Guillemette Legrand uses the practice of machine-fictioning to explore the (im)materiality of emerging information technologies and their capacity to form contexts enabling the naturalisation of specific belief systems. Their work can be described as an artistic mobilisation of algorithmic knowledge and its infrastructure, where their goal is to re-imagine their potentialities and frictions through fostering embodied and situated environments (both physical and virtual) to engage with a public.
The work often takes the shape of multimedia installations, game-environments and experimental presentations, which have been exhibited at the V&A (London, UK), V2_ Lab for the Unstable Media (Rotterdam, NL), the 4th Istanbul Biennale (Istanbul, TR), LUMA (Arles, FR), Design Museum (London, UK), among other international locations.

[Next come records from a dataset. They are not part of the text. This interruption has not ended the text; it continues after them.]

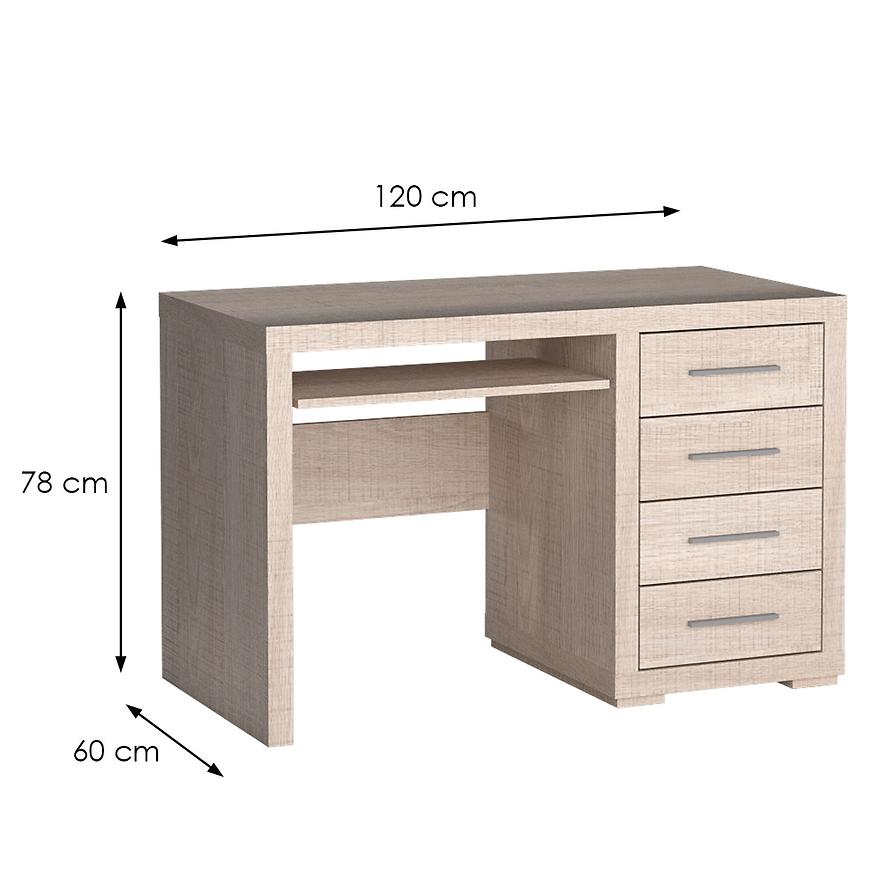 Nowoczesne i funkcjonalne biurko Vegas wykonane w całości z płyty wiórowej laminowanej w kolorze santana. Posiada cztery pojemne szuflady, które dodatkowo stanowią miejsce do przechowywania. Biurko jest stabilne i wytrzymałe, a dzięki swojemu wykończeniu posłuży przez wiele lat.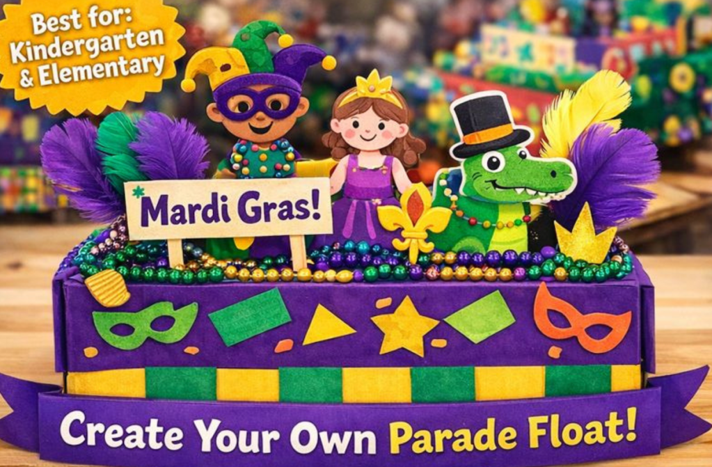 This parade float craft gives kids the opportunity to design their own Mardi Gras float using imagination and storytelling. It encourages planning, creative thinking, and discussion about how parades bring communities together.
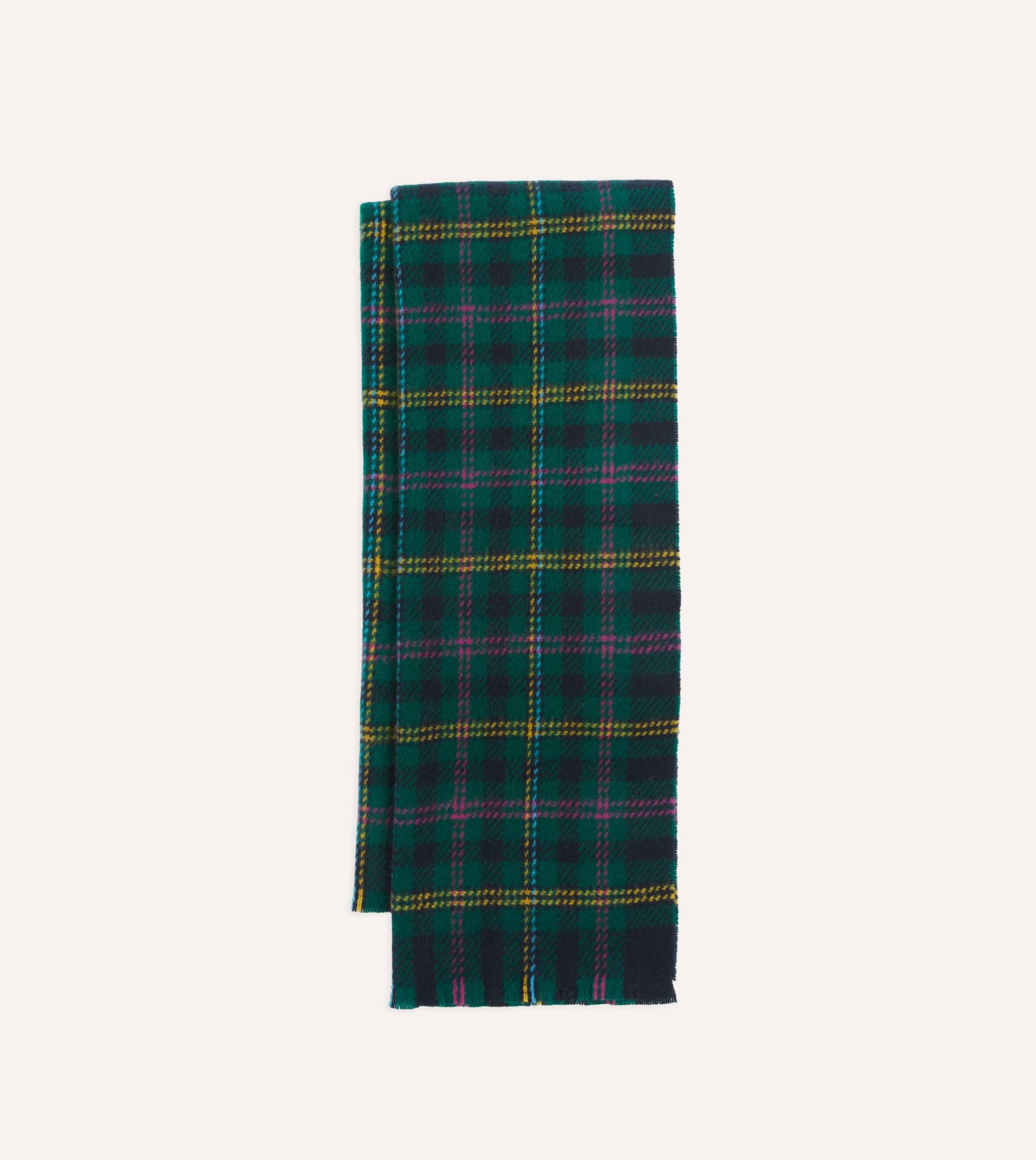 Woven in Tuscany. Italy. this woollen scarf in an archival tartan check is a warming and lustrous addition to your cold weather wardrobe.

In 2020, they initiated a transdisciplinary research project Spectral Plain that seeks to readjust the relationship between scientific knowledge and the modelling of the Earth in the production of world-imaginaries.
They are now PhD candidate at SACRe-PSL within the Reflective Interaction Group of EnsadLab. Her PhD project Climate Cosmograms examines the cosmological dimension of climate images, inquiring how they become more-than scientific representations that also portray political and socio-cultural imaginaries of the Earth. The project researches the visual literacies of design and technological systems through a critical examination of current climate-imaging practices, in order to propose other possible forms of climate visuality and imaginaries. This practice-based research starts with the proposal that current climate images are not neutral representations but act as visual proxies of a complex, autonomous, and speculative modelling system that mediate, hierarchise, and politicise climate data. Climate images used within the Intergovernmental Panel on Climate Change reports are produced to inform climate governance, which the project argues, construct imaginaries that reframe people’s political and socio-cultural relationship to the earth. Through examining this reframing, this project proposes to study the tacit role of design and its AI-aided automation by looking at three different realities of the earth that coexist in the imaging of climate; the sensing of the earth biochemical substrate; its computational modelling; and finally the visualisation of this data. Climate cosmograms ask what are the visual practices of climate images? How do they construct and disseminate cosmological imaginary(ies)? And how can creative practices help to critically mobilise current climate-imaging operations to propose other mediums to simulate the climate and its imaginaries? The hypothesis of the project is that by using the medium of cosmograms–a cultural incarnation of the earth–as a research lens, I will be able to document, counter, enrich, and diversify climate visuality and imaginaries. The project proposes to research the design and geo-computational practices of modelling the earth through participatory and practice-based design methods.